Schöpfer des Seeräuberstaats auf der Schildkröteninsel war ein Flüchtling aus Frankreich, der ehemalige lngenieuroffizier Le Vasseur. 1640 wählten ihn die Bukanier zum "Gouverneur". Le Vasseur war ein ebenso abgefeimter wie umsichtiger Halunke. In den zwölf Jahren seiner "Regierung" befestigte er die Insel und machte sie zum Alptraum aller Schiffe und Küsten der Neuen Welt. 1652 wurde er von einem eifersüchtigen Bukanier erdolcht.

Sein Nachfolger, Chevalier de Fontenay, war ein Ganove von gleichem Zuschnitt. Er zeichnete sich unter anderem dadurch aus, dass er einführte, was dem Seeräuberparadies noch fehlte - Frauen.

Als die Spanier La Tortuga 1654 zum ersten und letzten Mal eroberten, schickten sie de Fontenay zurück nach Frankreich.
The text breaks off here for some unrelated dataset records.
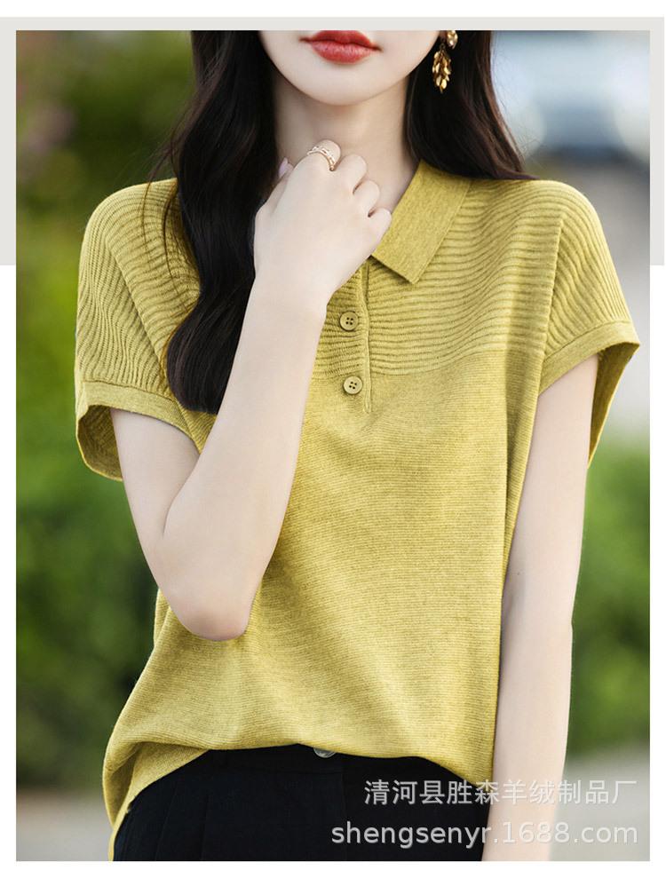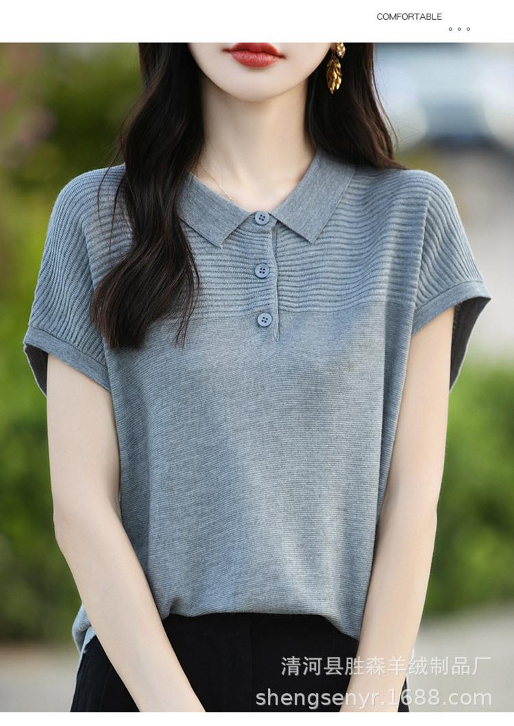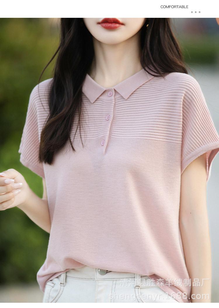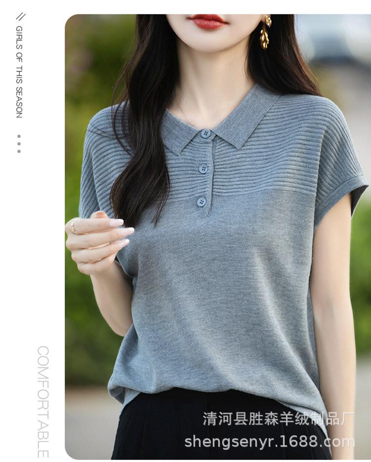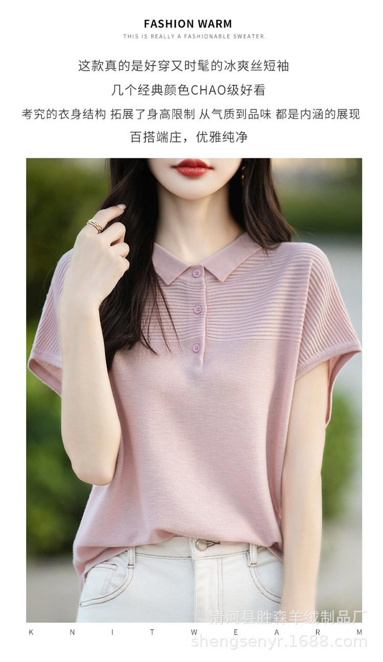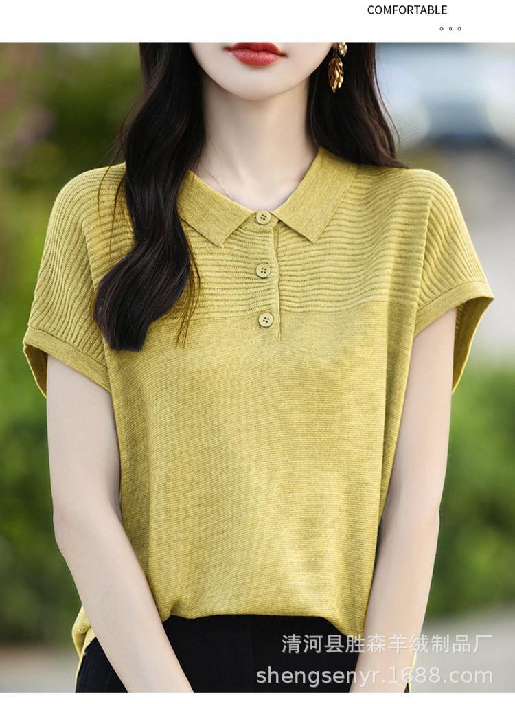 24 Verano Nuevo Seda de Hielo POLO Cuello Camisa de Punto Manga Corta para Mujer Botón Raya Horizontal Color Sólido Suelto Combinable Top
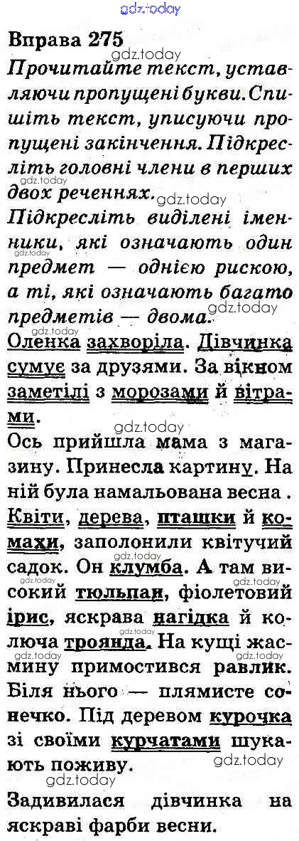 На страницах сайта gdz.today вы найдете учебный и вспомогательный материал, направленный на улучшения знаний школьной программы. ГДЗ - онлайн мир знаний Рішення до Вправи 275 Учебнику по Украинскому языку для 3 класса Захарийчук, Мовчун Грамота 2013
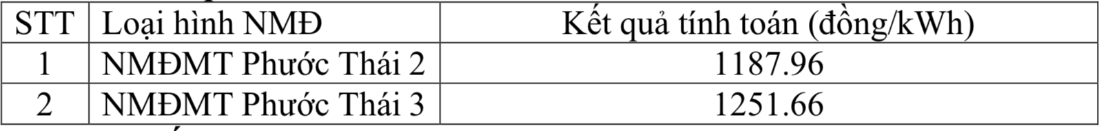 Phương án 4: EVN thực hiện tính toán giá nhà máy điện mặt trời Phước Thái 2, 3 với suất đầu tư được cập nhật giá trị tổng mức đầu tư sau đấu thầu và giá trị chi phí chia sẻ trạm biến áp 220kV của 3 nhà máy điện mặt trời Phước Thái 1, 2, 3.
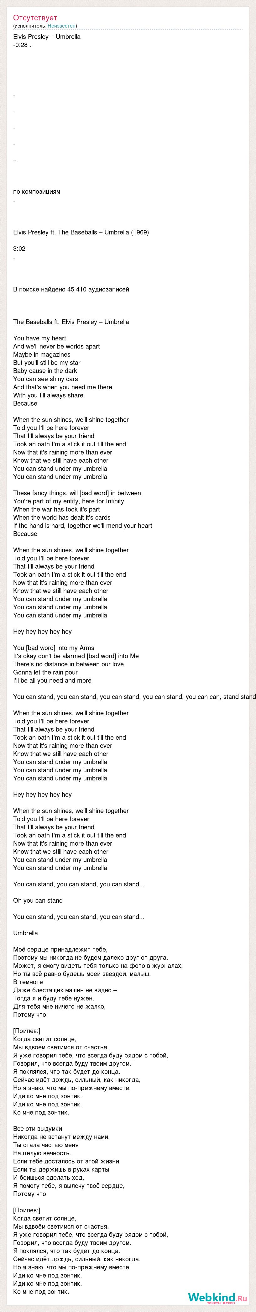 Elvis Presley – Umbrella -0:28 . . . . . .. по композициям . Elvis Presley ft. The Baseballs – Umbrella (1969) 3:02 . В поиске найдено 45 410 аудиозаписей The Baseballs ft. Elvis Presley – Umbrella You have my heart And we'll never be worlds apart Maybe in magazines But you'll still be my star Baby cause in the dark You can see shiny cars And that's when you need me there With you I'll always share Because When the sun shines, we’ll shine together Told you I'll be here forever That I'll always be your friend Took an oath I'm a stick it out till the end Now that it's raining more than ever Know that we still have each other You can stand under my umbrella You can stand under my umbrella These fancy things, will [bad word] in between You're part of my entity, here for Infinity When the war has took it's part When the world has dealt it's cards If the hand is hard, together we'll mend your heart Because When the sun shines, we’ll shine together Told you I'll be here forever That I'll always be your friend Took an oath I'm a stick it out till the end Now that it's raining more than ever Know that we still have each other You can stand under my umbrella You can stand under my umbrella You can stand under my umbrella Hey hey hey hey hey You [bad word] into my Arms It's okay don't be alarmed [bad word] into Me There's no distance in between our love Gonna let the rain pour I'll be all you need and more You can stand, you can stand, you can stand, you can stand, you can can, stand stand When the sun shines, we’ll shine together Told you I'll be here forever That I'll always be your friend Took an oath I'm a stick it out till the end Now that it's raining more than ever Know that we still have each other You can stand under my umbrella You can stand under my umbrella You can stand under my umbrella Hey hey hey hey hey When the sun shines, we’ll shine together Told you I'll be here forever That I'll always be your friend Took an oath I'm a stick it out till the end Now that it's raining more than ever Know that we still have each other You can stand under my umbrella You can stand under my umbrella You can stand, you can stand, you can stand... Oh you can stand You can stand, you can stand, you can stand... Umbrella Моё сердце принадлежит тебе, Поэтому мы никогда не будем далеко друг от друга. Может, я смогу видеть тебя только на фото в журналах, Но ты всё равно будешь моей звездой, малыш. В темноте Даже блестящих машин не видно – Тогда я и буду тебе нужен. Для тебя мне ничего не жалко, Потому что [Припев:] Когда светит солнце, Мы вдвоём светимся от счастья. Я уже говорил тебе, что всегда буду рядом с тобой, Говорил, что всегда буду твоим другом. Я поклялся, что так будет до конца. Сейчас идёт дождь, сильный, как никогда, Но я знаю, что мы по-прежнему вместе, Иди ко мне под зонтик. Иди ко мне под зонтик. Ко мне под зонтик. Все эти выдумки Никогда не встанут между нами. Ты стала частью меня На целую вечность. Если тебе досталось от этой жизни. Если ты держишь в руках карты И боишься сделать ход, Я помогу тебе, я вылечу твоё сердце, Потому что [Припев:] Когда светит солнце, Мы вдвоём светимся от счастья. Я уже говорил тебе, что всегда буду рядом с тобой, Говорил, что всегда буду твоим другом. Я поклялся, что так будет до конца. Сейчас идёт дождь, сильный, как никогда, Но я знаю, что мы по-прежнему вместе, Иди ко мне под зонтик. Иди ко мне под зонтик. Ко мне под зонтик.
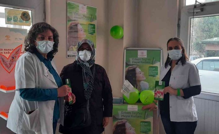 Aile Sağlığı Merkezlerine gelen kadınlara rahim ağızı kanseri, erken tanı ve kanser belirtileri hakkında bilgilendirme, İlçe Sağlık Müdürlüğü görevlileri Nurten Kaynak Göztepe ve Pınar Kahyaoğulları tarafından yapıldı.
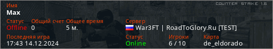 Играет на Counter Strike 1.6 сервере. Страна: РоссияПервый раз замечен 17:37 14.12.2024
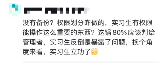但实际上,权限管理目录是个大学问,需要一套大流程。有人提议,这种情况后续权限控制,或者把skip trash弄掉,或者尽可能把权限拆分到各自的模型上。总之大部分网友认为,一个实习生不应该承担太多的责任!其实类似事情还有较为狗血的——2019年AI删库,程序员背锅!
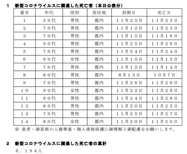 都内で新型コロナウイルスに感染した方が死亡されましたのでお知らせします。
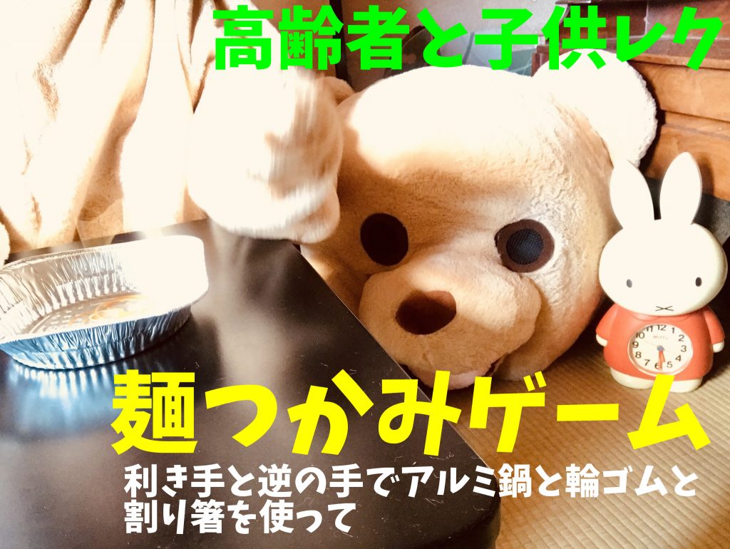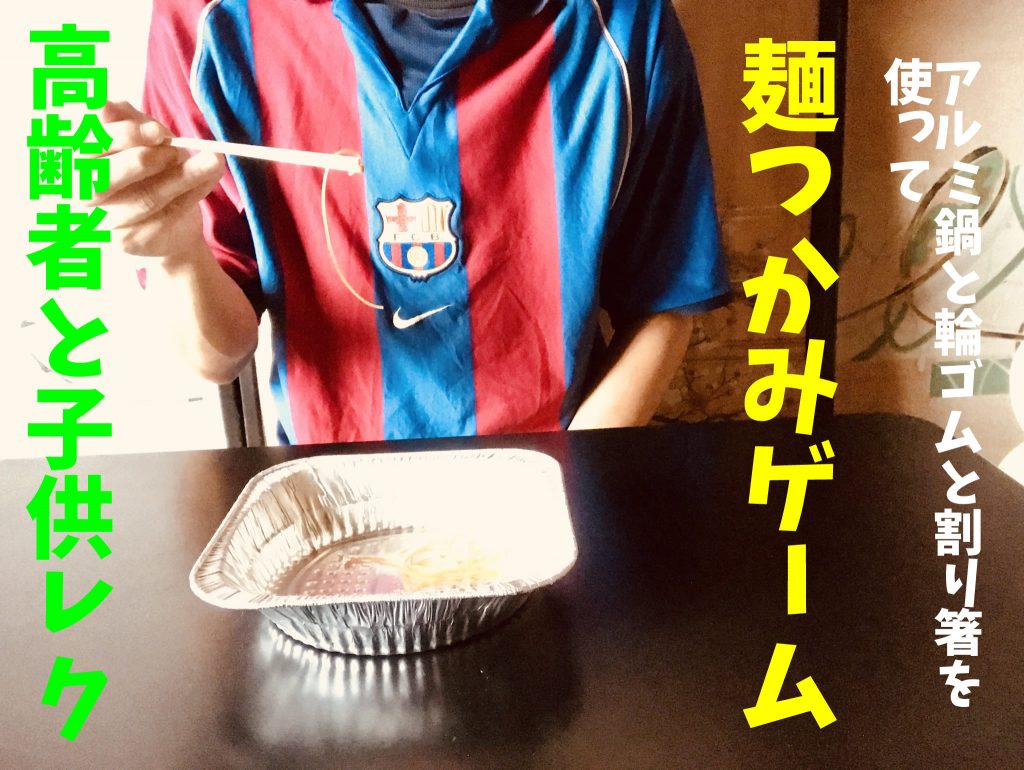 高齢者レクリエーション 【高齢者と子供向け室内レクリエーション】アルミ鍋と輪ゴムと割り箸を使って『麺つかみゲーム』【FCバルセロナユニフォームVer.】
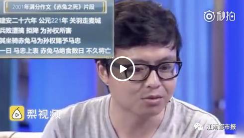【高考满分作文第一人:写时就知会火】每年高考都会涌现很多优秀满分作文,但2001年用古白话写出“赤兔之死”的蒋昕捷恐怕是满分作文第一人。凭借这篇作文,他破格被南京师范大学录取。他曾在采访时说,写这篇文章时,监考老师站在旁边看了好久。

Aber schon wenige Monate später kehrten die Bukanier unter neuen Anführern zurück und blieben auf der Schildkröteninsel, bis die Franzosen selbst dieser Hochburg der Gauner, Schmuggler, Abenteurer und Mörder gegen Ende des 17. Jahrhundert ein Ende machten.

Wer sich den Seeräuberstaat auf La Tortuga vorstellen möchte, kann sich an den gängigen Abenteurer- und Piratenfilmen orientieren. Was man dort zu sehen bekommt: verwegene Typen mit Narben im Gesicht, ein farbiges Tuch um den Kopf, einige mit Augenklappe oder Holzbein, Entermesser und Pistolen im Gürtel, dazu Gezänk, Papageien, leichte Mädchen und Hafenkneipen, in denen grölende Halsabschneider die soeben erbeuteten Goldstücke versaufen oder verspielen so oder so ähnlich hat es auf der Schildkröteninsel in ihrer Blütezeit tatsächlich ausgesehen.